ADDRESSING ESCALATING PORT COSTS

The authorities could do more to stem the prohibitive cost of business at the Lagos ports

In June 2017, the federal government announced that the Standard Organisation of Nigeria (SON), National Agency for Food and Drugs Administration and Control (NAFDAC) and the National Drug Law Enforcement Agency (NDLEA) were no longer allowed to have representatives in the ports or partake in the process of cargo clearance. Also, the government announced that it had concluded arrangement to fix port access roads and provide scanners at the ports.

These were to enhance clearing process and reduce drastically cargo dwell time. Almost three years after, all the agencies that were asked to leave have all returned to the ports, access roads have become death traps, residents and business in Apapa, once a thriving port city, have stories of death and hours of traffic gridlock to tell. Cost of doing business has risen so high manufacturers are abandoning their cargos at the ports.
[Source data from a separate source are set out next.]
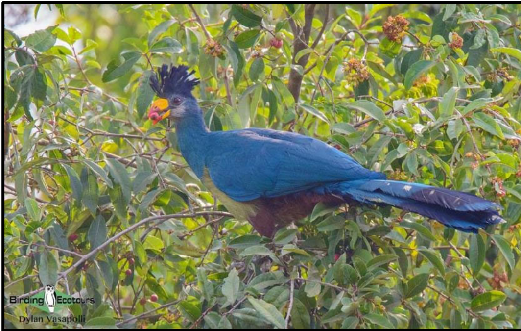
Great Blue Turaco is loud and conspicuous in Kakamega Forest.
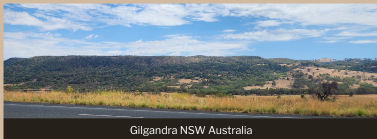
Gilgandra NSW Australia

The Creation Research team have been compiling evidence of these formations around the world including in recent trips in parts of Australia, USA and Morocco (see pictures). Here are just a few of the many pictures we have taken of these very common features in the landscape. Aussies, take a close look for them next time you go for a drive.
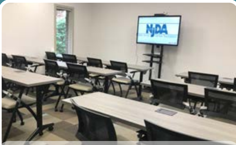
CONFERENCE ROOM A

53" Smartboard - no amplified sound otherwise
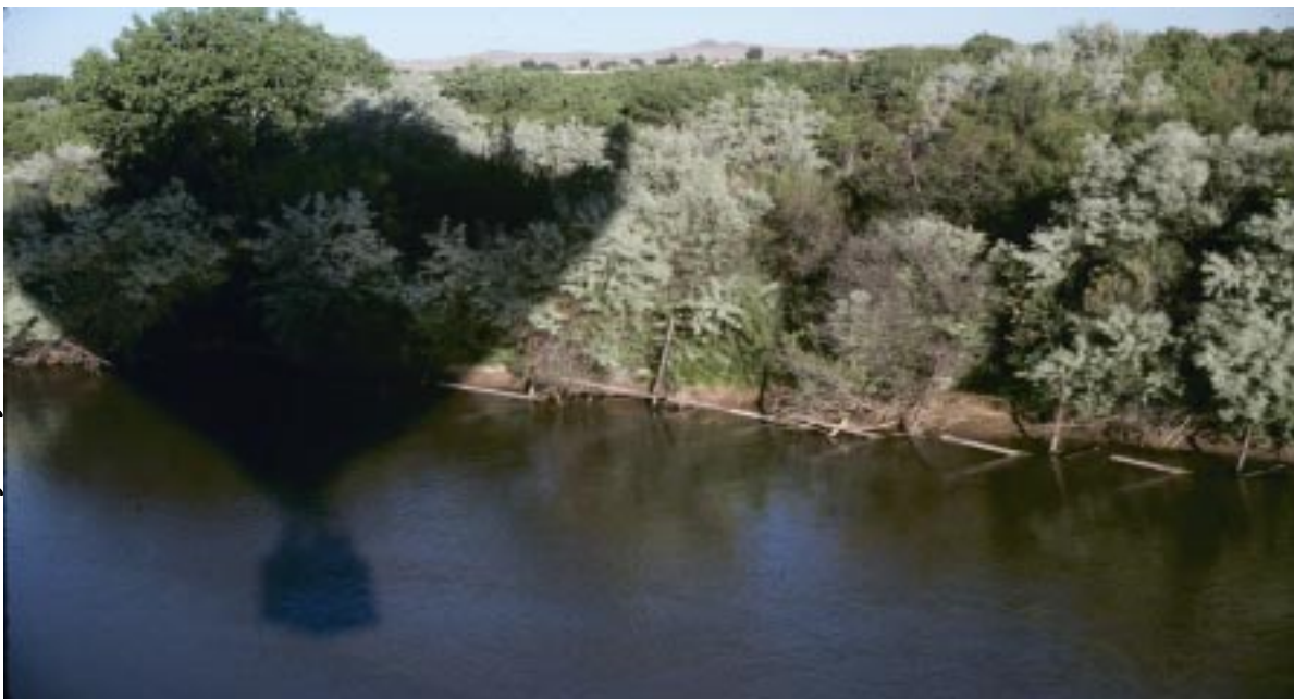
Balloonists view of Rio Grande Floodplain Community in Albuquerque
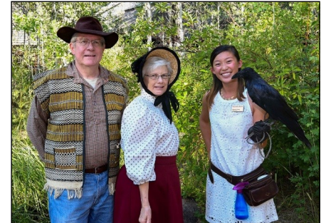
High Desert Rendezvous
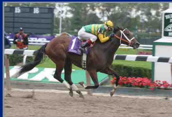
FOLKLORE winning the G1 Breeders' Cup Juvenile Fillies

QUEEN ' S LADY is a full-sister to the dam of Folklore , whose commanding victory in the G1 Breeders' Cup Juvenile gives her a lock on the Eclipse Award in the 2-year-old filly division. This is also the immediate family of dual Classic-winning Champion Smarty Jones .
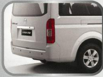
Reverse camera and reverse sensors
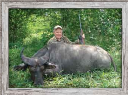
Dwarf Forest Buffalo
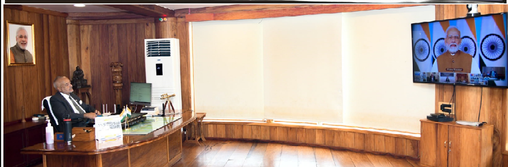
Admiral D K Joshi, PVSM, AVSM, YSM, NM, VSM (Retd.), Hon'ble Lt Governor, A&N Islands and Vice-Chairman, Islands Development Agency participated in virtual launch of Digital Banking Units by Hon'ble Prime Minister of India, Shri Narendra Modi dedicating 75 DBUs located in 75 Districts across Nation, including SBI, Mohanpura at Port Blair in A&N Islands to commemorate the 75 Years of Independence.
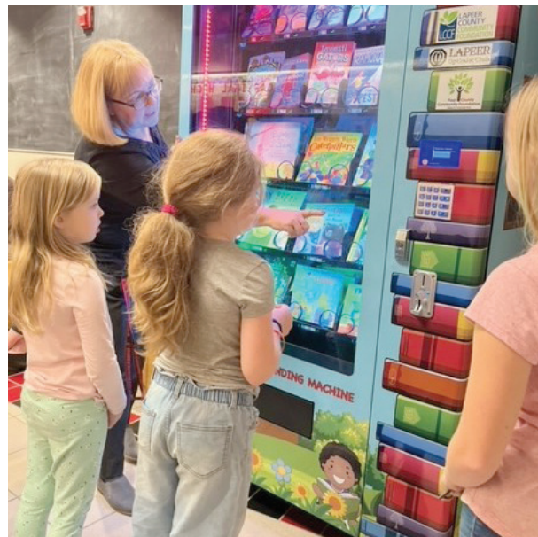
Students from Dryden Elementary will have years of fun using this new Book Vending Machine that was purchased in part from a grant from the LCCF YAC (Youth Advisory Committee).
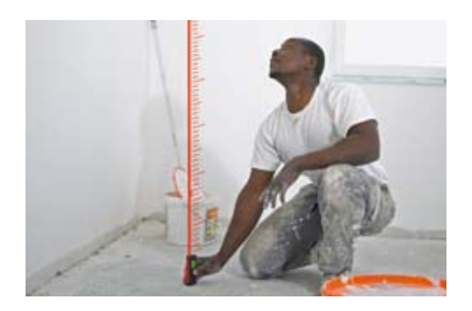
Quick and easy – measure distances and calculate areas or volumes at the touch of a button.
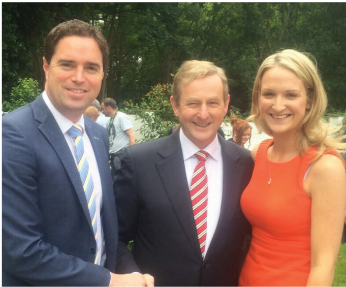
Pictured with Taoiseach Enda Kenny and Deputy Helen McEntee at the launch of our standing up for Rural Ireland Campaign.

There would be many benefits to such a scheme and I am continuing to fight for it.
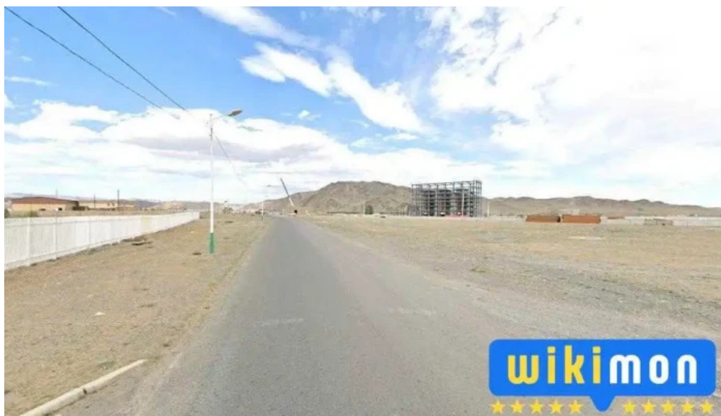
Bayankhongor province youth federation ????????????
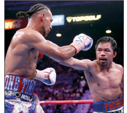
Pacquiao defies the odds again

As a result of extortion by security officials, haulage cost from Tin Can to any other part of Lagos has risen from about N100,000 a year ago to about N1.2 million. Last week, truckers raised the cost of moving a container from the Tin Can Island Port to any other part of the city by 50 per cent, from N1.2 million to N1.8million. And with blockage of the roads, millions of containers are trapped in the ports and shipping companies have had to stay at several anchorages for between three to four months incurring all manner of surcharges. On average, 100,000 containers carrying various cargos are discharged in Lagos ports monthly, with shipping companies now charging $6000 to ship a container to Nigeria. In the first half of last year, it cost $1,000 to ship a 20-foot container to Nigeria from the Far East.

Due to the massive congestion at Tin Can and Apapa ports, many shipping lines have started diverting Nigeria-bound cargos to neighboring ports in Cotonou and Cote d’Ivoire. Today, importers pay N25, 000 as demurrage per container a day and another N15,000 as storage fees to terminal operators excluding 7.5 per cent value added tax (VAT). This amounts to N12.5 billion daily demurrage charges on 500,00 containers and N7.5 billion storage fees. The question is, does the federal government want to address the escalating port costs and its attendant economic loss to Nigeria?

The shipping companies, terminal operators, freight forwarders and the security operatives and the Ministry of Transportation are the ones benefiting from the status quo at the ports. The economic loss is not on the government and its agencies at the port or the port operators or even the manufacturers or traders doing the importation. The losses are all passed on to the end users – the Nigerian people.

Meanwhile, the ports used by the federal government and its partners in the oil industry to export crude oil and gas are not affected by any crisis of congestion and infrastructure deficiency. So what it will take to address the port issue, at a most preliminary level, is the resolve to do what is right.